TCSP : la mise en service une nouvelle fois reportée
Après plusieurs reports successifs dans les travaux, les premiers voyageurs du TCSP devront encore patienter. La dernière date annoncée le 23 février 2026 ne sera pas tenue. Une date officiellement annoncée il y a quelques mois par la Communauté d’Agglomération du Centre Littoral (CACL).
Le principal obstacle reste la non-livraison des 16 Bus à haut niveau de service (BHNS) nécessaires au lancement du réseau. À ce jour, un seul véhicule est arrivé en Guyane, réceptionné le 29 décembre dernier. Une situation qui empêche tout démarrage commercial du TCSP dans les délais annoncés.
Des difficultés industrielles majeures chez le constructeur Iveco
En cause, selon la CACL, des difficultés importantes rencontrées par le constructeur Iveco, chargé de la fabrication des bus.

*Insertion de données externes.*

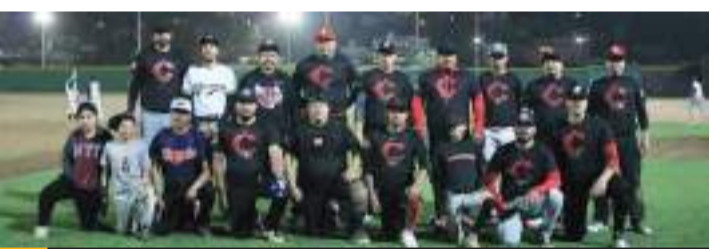
Rojos toman ventaja de 1 juego por 0 sobre Llantera Cantú en la disputa del trofeo de campeón de la Segunda Fuerza A del béisbol de la Rural de Maneadero.

Con este resultado los Rojos tomaron ventaja de 1 juego por 0 sobre Llantera Cantú en la disputa del trofeo de campeón de la Segunda Fuerza A.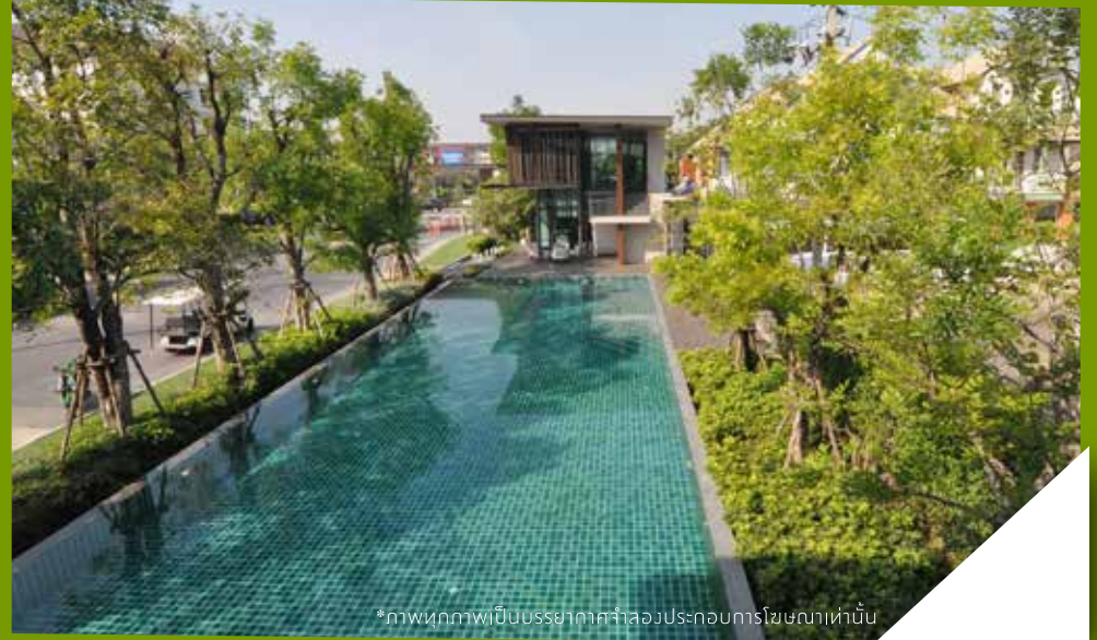
*ภาพทุกภาพเป็นบรรยากาศจำลองประกอบการโฆษณาเท่านั้น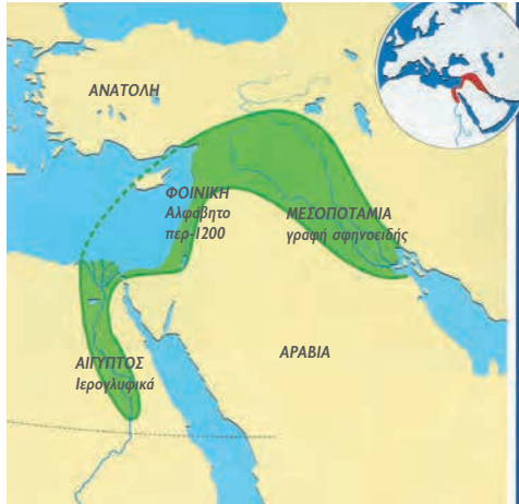
Η «Εύφορη ημισέληνος».

Η μετάβαση του ανθρώπου από την Παλαιολιθική εποχή της κυνηγετικής και τροφосуλλεκτικής οικονομίας στη Νεολιθική, όταν ο άνθρωπος γίνεται γεωργός και κτηνοτρόφος , αποτελεί μία πραγματική επαναστατική αλλαγή. Η Νεολιθική εποχή χαρακτηρίζεται από τα παρακάτω στοιχεία, που το ένα αποτελεί συνέχεια του άλλου: α) μόνιμη εγκατάσταση του ανθρώπου και δημιουργία οικισμών β) απασχόληση με τη γεωργία και την κτηνοτροφία και γ) χρήση της κεραμικής.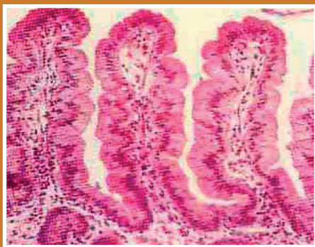
Biopsia en persona celíaca sana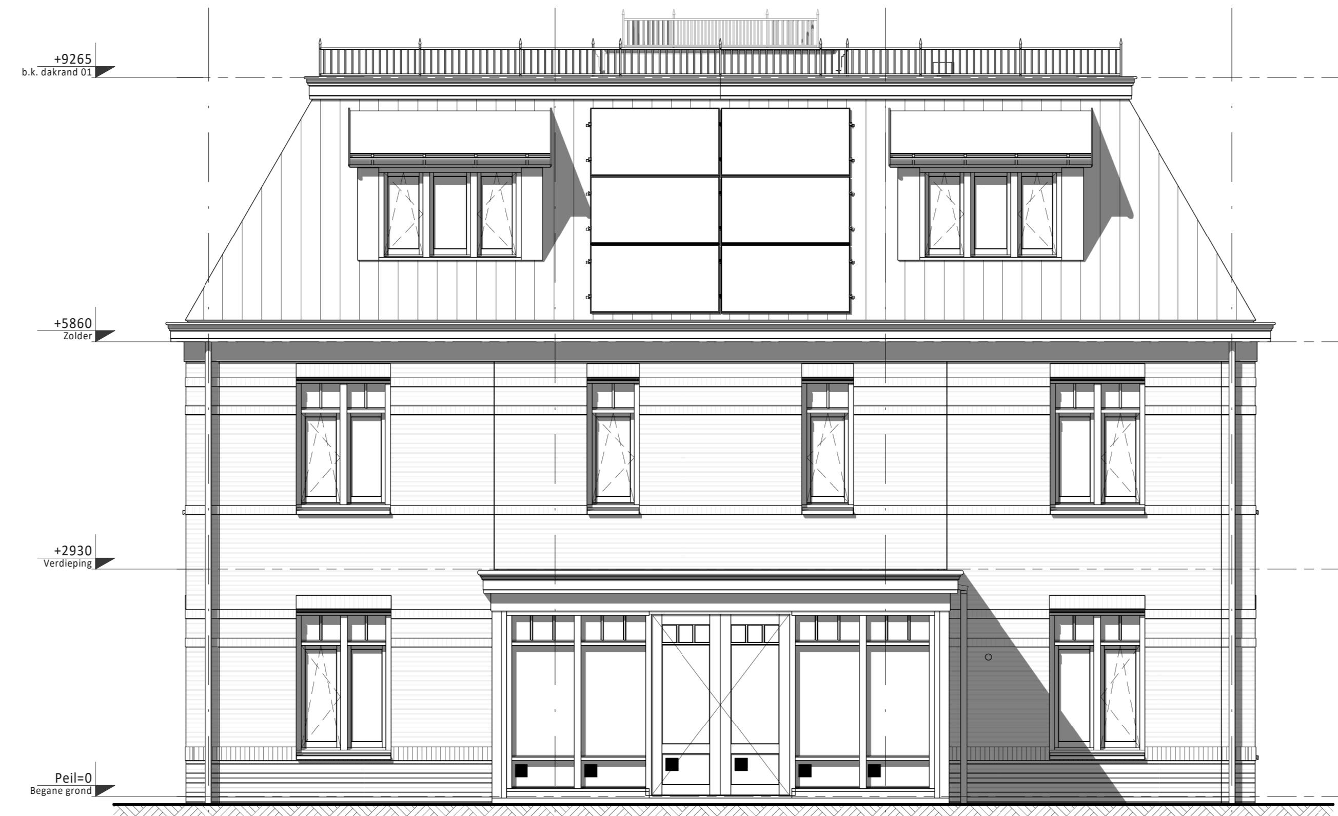
Tuingevel D C B A • Erker tuingevelzide i.p.v. veranda

Une entreprise récemment réorganisée suite au rachat par le groupe Indien Tata Motors et confrontée à une surcharge de commandes à l’échelle nationale, explique Isabelle Patient, Directrice Habitat, Aménagement et Mobilité à la CACL.
« Il a dû faire face à une grosse commande, notamment de la région Île-de-France, avec près de six cents véhicules commandés. Il a un peu vu les yeux plus gros que le ventre, puisqu’il a dû adapter sa chaîne de production, mais malheureusement la cadence n’a pas suivi ».
À ces difficultés s’ajoutent des problèmes rencontrés par les sous-traitants du constructeur. « Les fournisseurs ont eux-mêmes rencontré des difficultés. Et ça vaut d’ailleurs pour l’ensemble des constructeurs de bus en France. On est dans une conjoncture qui n’est vraiment pas bonne pour la production des matériels roulants », précise Isabelle Patient.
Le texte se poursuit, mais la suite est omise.